Technically, you don’t need to be a retailer to buy electricity from the wholesale market. Individuals like you can too. But most people don’t because you’ll be paying the fluctuating half-hourly prices, which means how much you pay depends on when you use (and thus, buy) the power.
This is tricky because even if you’re super eng and want to go study the trends macam stock market, you can’t. When you opt for wholesale prices with SP, there is a 10-day lag when it comes to your report. It sounds ridiculous, but if you think about it, it’s reasonable – 48 different prices per day is a lot of data to collate and deliver to thousands of households.
So as an average Joe just looking to get your new home powered up, you don’t really need to be too fussed with the wholesale electricity market. Choose the path of least resistance… Which is through a licensed electricity retailer participating in the OEM.
So all in all, is the Open Electricity Market (OEM) a good thing?
Competition is always good, so yes – at least for now.
Initially, industry members expected Singaporeans to be on the conservative side, forecasting a mere 5% of switches during the soft launch. According to this ST report in February 2019, the take-up rate is as high as 40% (in Jurong, the pioneer batch).
The published prices of the new retailers are already markedly lower than the regulated tariffs. And as more zones become eligible to make the switch, the electricity retailers are likely to remain aggressive, pushing out more promotions and rebates to attract new customers.
That means more discounts for us, which is always welcome news!
But the big question is… For how long?
Discounts are great, but as we learnt from Uber… Sometimes, it’s not sustainable.
In my opinion, it’s only a matter of time before the bubble bursts. Take Red Dot Power as an example – the company was part of the OEM’s soft launch, but exited the market shortly after due to “financial challenges”.
Red Dot may be the first to fold, but I don’t expect it to be the last.
It’s hard to say what SP and the retailers’ next move will be because we’re obviously not privy to their board meetings, but my guess that the only way to come out tops in this power play is to find a way to genuinely value-add the service instead of undercutting for the sake of it. (… That, or have super deep coffers.)

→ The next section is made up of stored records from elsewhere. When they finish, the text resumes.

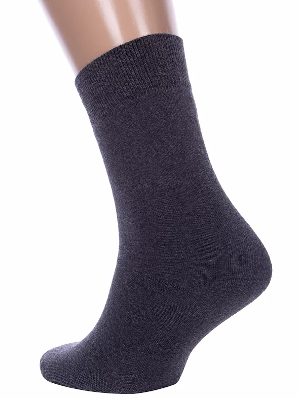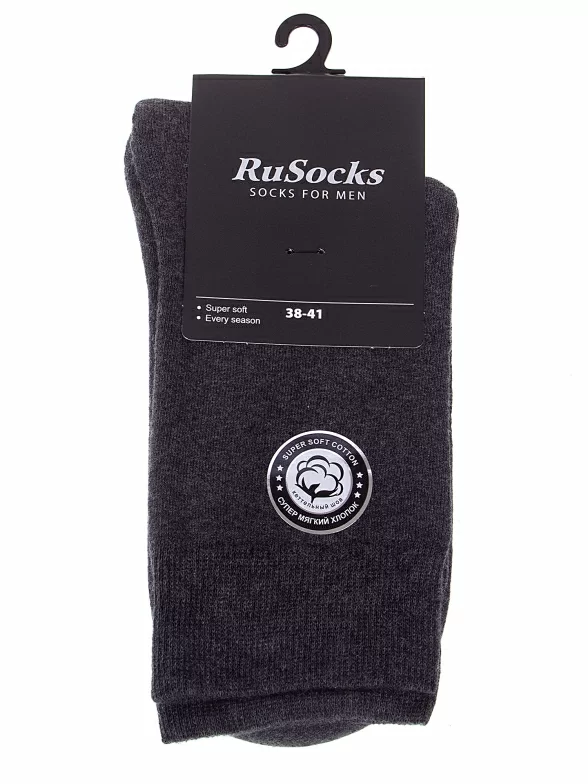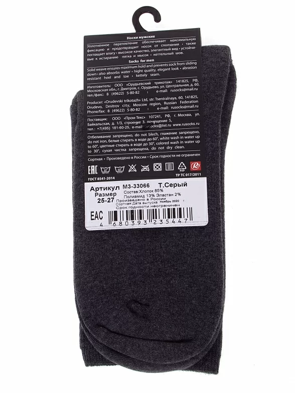 Межсезонные или зимние средней длины мужские носки, цвет темно-серый, теплые, махровые, классические, шов кеттельный (бесшовная технология), принт (рисунок): однотонный, без рисунков/узоров, состав: 85% хлопок, 13% полиамид, 2% эластан, арт. М3-33066. Производитель «ООО Орудьевский трикотаж, Россия» под брендом «Rusocks (орудьевский трикотаж)».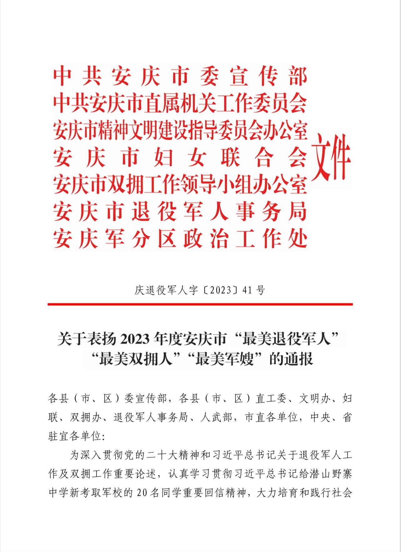 中共安庆市委宣传部等七部门联合评定 "安庆市最美退役军人”的通报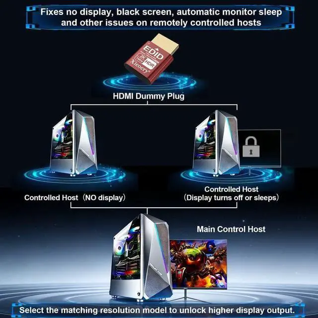 Ideal for game streaming multi-monitor virtualization KVM stability and GPU initialization in headless environments.?? Plug-and-Play for All Major Platforms Works instantly with Windows macOS Linux Proxmox VMware NUCs mini PCs industrial computers KVM switches and cloud PCs. No driver installation requiredsimply plug it in to prevent resolution fallback or GPU downclocking.?? Broad Compatibility with Integrated EDID Library Features an extended EDID database covering common 2K Full HD HD+ and legacy modes. Ensures consistent resolution detection across modern GPUs and older hardware maintaining system stability for 24/7 operation.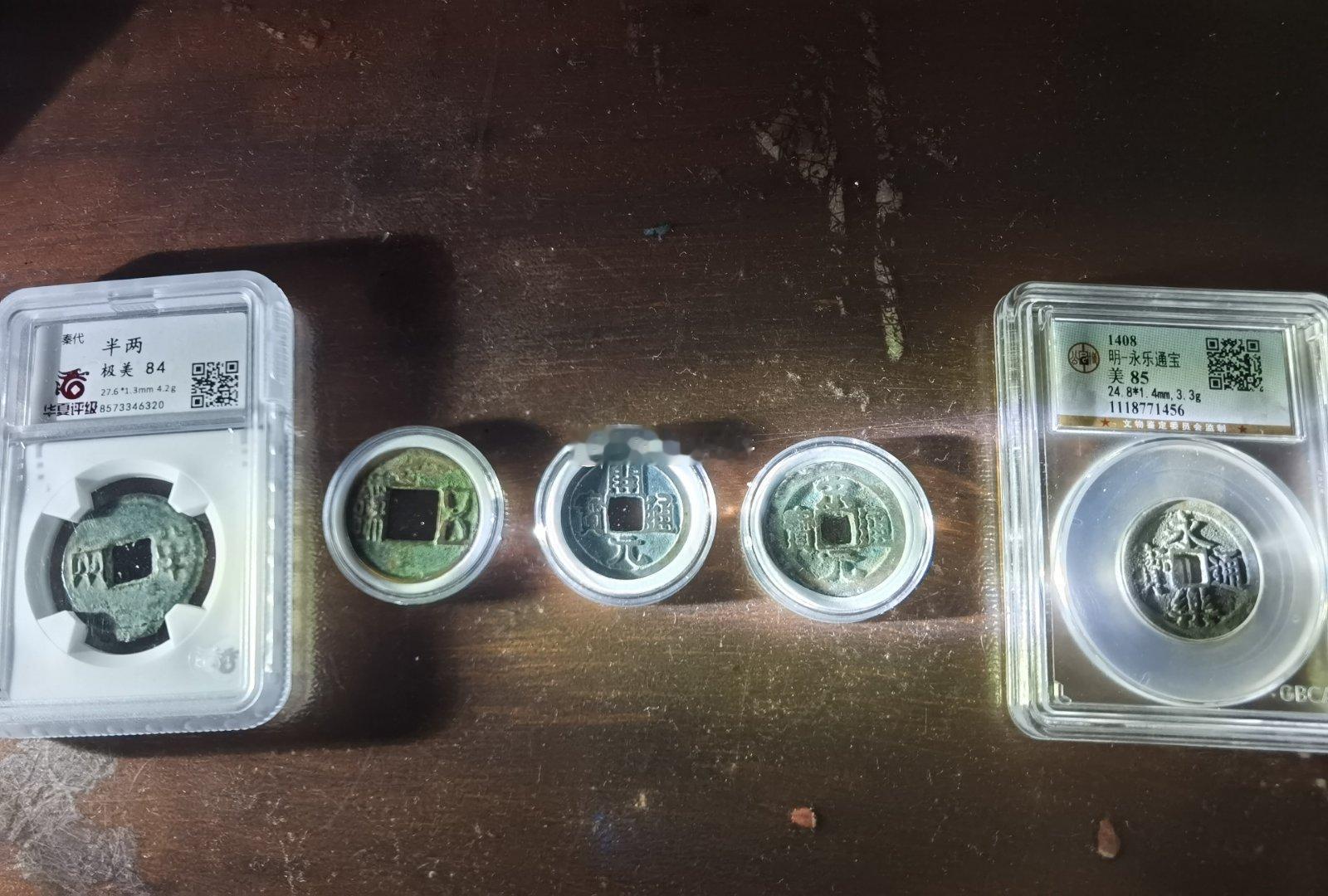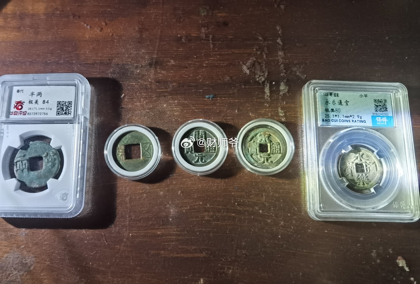 其中【始皇半两】重3.5克~4.7克,字迹清晰(4.7克大半两不是边缘缺损,而是铸造时的流铜现象);汉五铢(上林三官版)、唐开元、宋宋元、明永乐均品相上佳。

Some retailers (like Geneco) get their power from their parent companies that are power generators; others are purely retailers, and have to purchase electricity from the wholesale electricity market. But whichever they are, they still need to go through SP, who runs the power grid (basically delivers the power to consumers).
And since all retailers need to pay SP to use the infrastructure, SP Group remains the biggest bully in the sandbox.